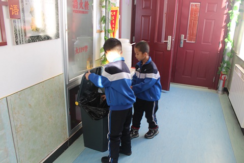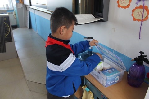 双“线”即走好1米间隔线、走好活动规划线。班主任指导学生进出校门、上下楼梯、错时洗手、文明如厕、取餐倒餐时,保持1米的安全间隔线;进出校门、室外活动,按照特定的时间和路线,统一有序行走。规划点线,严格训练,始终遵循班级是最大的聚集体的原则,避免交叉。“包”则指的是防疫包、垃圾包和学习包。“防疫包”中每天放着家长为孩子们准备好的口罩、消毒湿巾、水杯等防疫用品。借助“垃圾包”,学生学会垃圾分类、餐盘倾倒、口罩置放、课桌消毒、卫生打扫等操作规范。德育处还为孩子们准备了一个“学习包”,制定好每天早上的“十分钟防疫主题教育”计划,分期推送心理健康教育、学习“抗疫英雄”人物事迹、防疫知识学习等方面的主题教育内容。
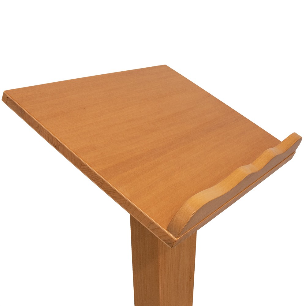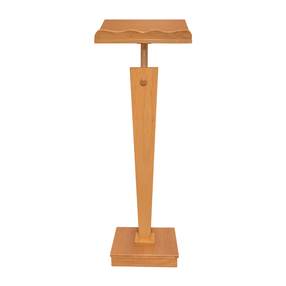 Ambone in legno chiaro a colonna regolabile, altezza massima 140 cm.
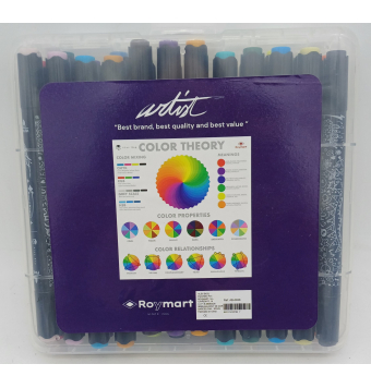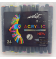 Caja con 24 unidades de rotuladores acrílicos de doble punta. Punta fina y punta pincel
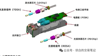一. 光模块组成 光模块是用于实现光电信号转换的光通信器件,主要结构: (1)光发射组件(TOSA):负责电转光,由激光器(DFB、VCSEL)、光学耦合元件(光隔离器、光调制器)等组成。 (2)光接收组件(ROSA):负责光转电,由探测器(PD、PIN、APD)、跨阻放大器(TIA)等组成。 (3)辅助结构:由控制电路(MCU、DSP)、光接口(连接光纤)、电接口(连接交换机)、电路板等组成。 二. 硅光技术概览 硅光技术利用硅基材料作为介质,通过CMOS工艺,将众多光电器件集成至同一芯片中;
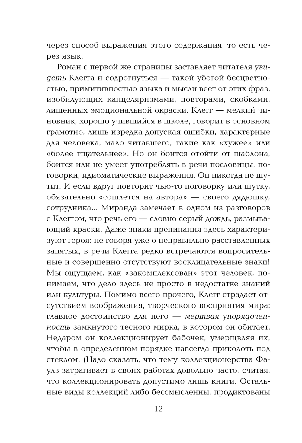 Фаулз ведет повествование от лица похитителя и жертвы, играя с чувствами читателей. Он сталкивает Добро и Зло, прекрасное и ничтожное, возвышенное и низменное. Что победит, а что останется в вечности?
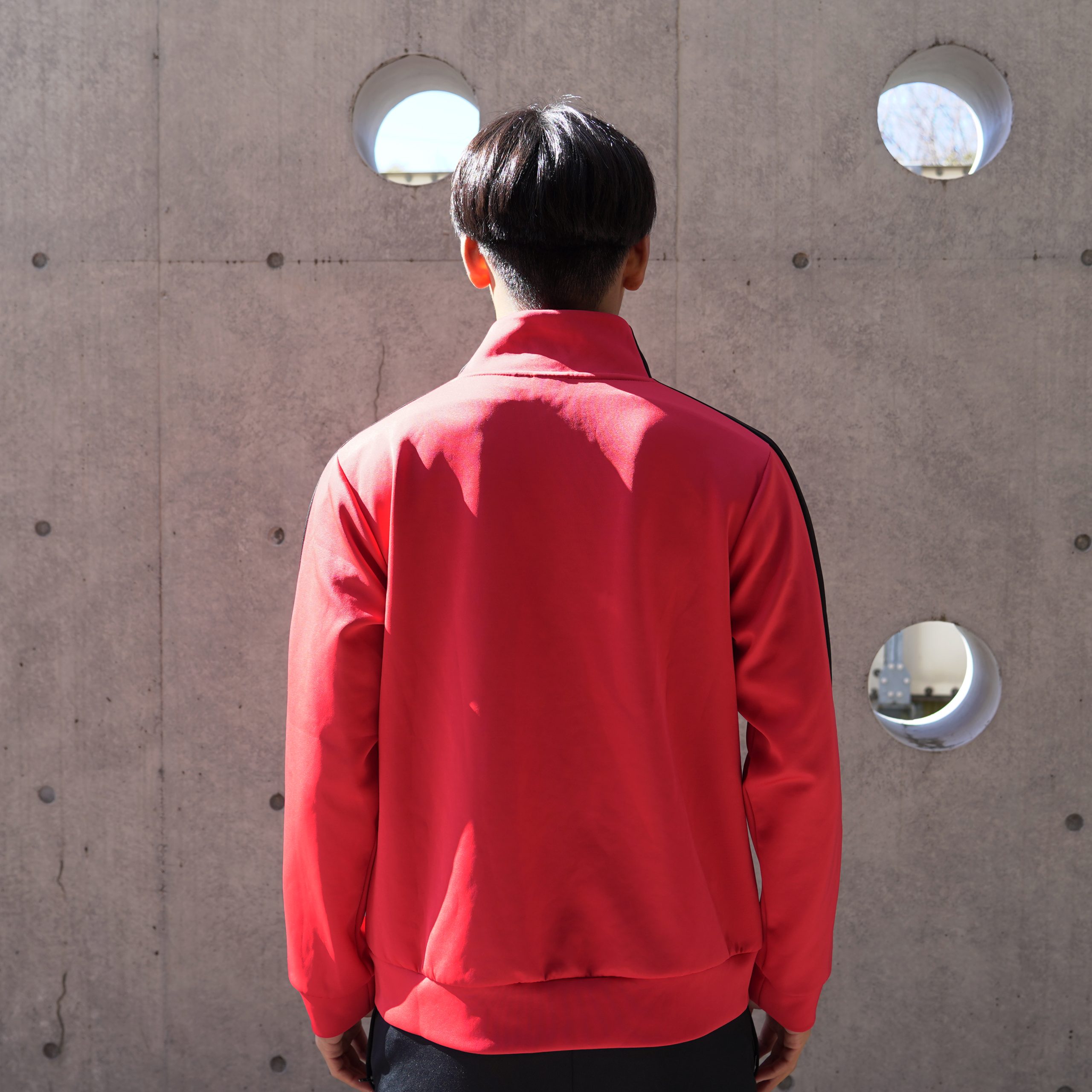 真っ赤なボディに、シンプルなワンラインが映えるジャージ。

Task directions >>
Transcribe each line above verbatim, with the pictures left out.

Task response >>
 双“线”即走好1米间隔线、走好活动规划线。班主任指导学生进出校门、上下楼梯、错时洗手、文明如厕、取餐倒餐时,保持1米的安全间隔线;进出校门、室外活动,按照特定的时间和路线,统一有序行走。规划点线,严格训练,始终遵循班级是最大的聚集体的原则,避免交叉。“包”则指的是防疫包、垃圾包和学习包。“防疫包”中每天放着家长为孩子们准备好的口罩、消毒湿巾、水杯等防疫用品。借助“垃圾包”,学生学会垃圾分类、餐盘倾倒、口罩置放、课桌消毒、卫生打扫等操作规范。德育处还为孩子们准备了一个“学习包”,制定好每天早上的“十分钟防疫主题教育”计划,分期推送心理健康教育、学习“抗疫英雄”人物事迹、防疫知识学习等方面的主题教育内容。
 Ambone in legno chiaro a colonna regolabile, altezza massima 140 cm.
 Caja con 24 unidades de rotuladores acrílicos de doble punta. Punta fina y punta pincel
一. 光模块组成 光模块是用于实现光电信号转换的光通信器件,主要结构: (1)光发射组件(TOSA):负责电转光,由激光器(DFB、VCSEL)、光学耦合元件(光隔离器、光调制器)等组成。 (2)光接收组件(ROSA):负责光转电,由探测器(PD、PIN、APD)、跨阻放大器(TIA)等组成。 (3)辅助结构:由控制电路(MCU、DSP)、光接口(连接光纤)、电接口(连接交换机)、电路板等组成。 二. 硅光技术概览 硅光技术利用硅基材料作为介质,通过CMOS工艺,将众多光电器件集成至同一芯片中;
 Фаулз ведет повествование от лица похитителя и жертвы, играя с чувствами читателей. Он сталкивает Добро и Зло, прекрасное и ничтожное, возвышенное и низменное. Что победит, а что останется в вечности?
 真っ赤なボディに、シンプルなワンラインが映えるジャージ。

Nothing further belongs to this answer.